In our case the eigenvalues of $\begin{pmatrix}2 & 2 \\ 1 & 2\end{pmatrix}$ are $2\pm\sqrt{2}$ and
$$ a_n = \frac{\frac{1}{2\sqrt{2}}\left[(2+\sqrt{2})^n-(2-\sqrt{2})^n\right]}{\frac{1}{4}\left[(2+\sqrt{2})^n+(2-\sqrt{2})^n\right]}=\sqrt{2}\,\frac{1-(3-2\sqrt{2})^n}{1+(3-2\sqrt{2})^n}$$
is pretty obviously an element of $[1,2]$ which converges to $\sqrt{2}$ as $n\to +\infty$.
The continued fraction of $a_n$ is either $[1;2,2,\ldots,2,2]$ or $[1;2,2,\ldots,2,3]$.
Induction.

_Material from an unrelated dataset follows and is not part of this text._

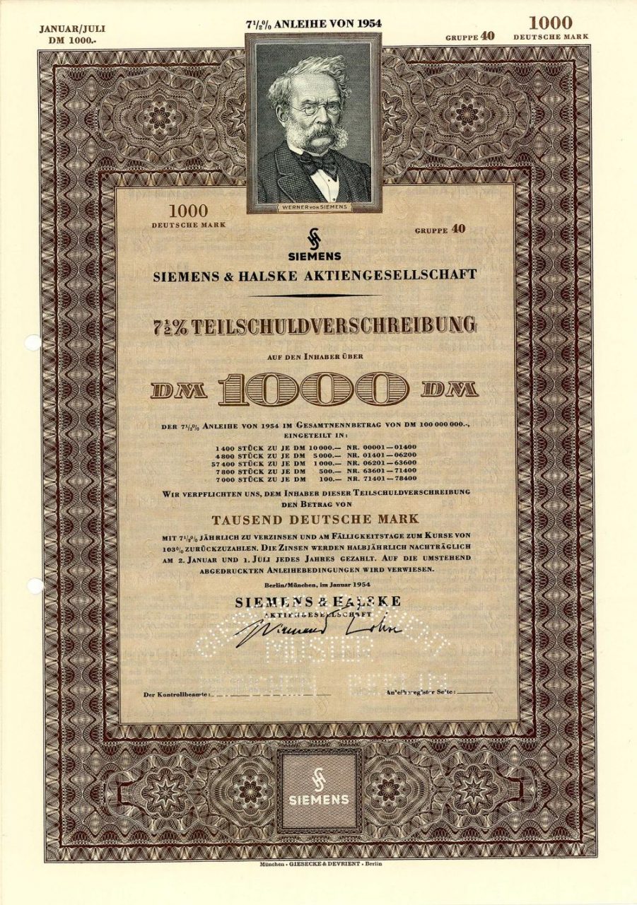 F-31497Siemens & Halske AG-6Berlino1954Obbligazione 7,5% da 1.000 MarchiR3 (501-1000 pezzi)S4 (da 101 a 250 €)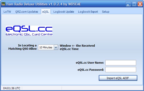 If you want HRDU to download the eQSL confirmations then enter your eQSL.cc username and password in the proper fields. If you manually download the ADIF file and want those entries entered

Since: $$1 ≤ a_n ≤ 2 \implies 4 ≤ 2+2a_n ≤ 6 \;\;\;{\rm and}\;\;\;3 ≤ 2+a_n ≤ 4$$
so
$$3 ≤ 2+a_n ≤ 4\implies {1\over 4 } \leq {1\over 2+a_n}\leq {1\over 3}$$
so $$1={4\over 4}\leq {2+2a_n\over 2+a_n} \leq {6\over 3} =2$$
so $$1\leq a_{n+1} \leq 2$$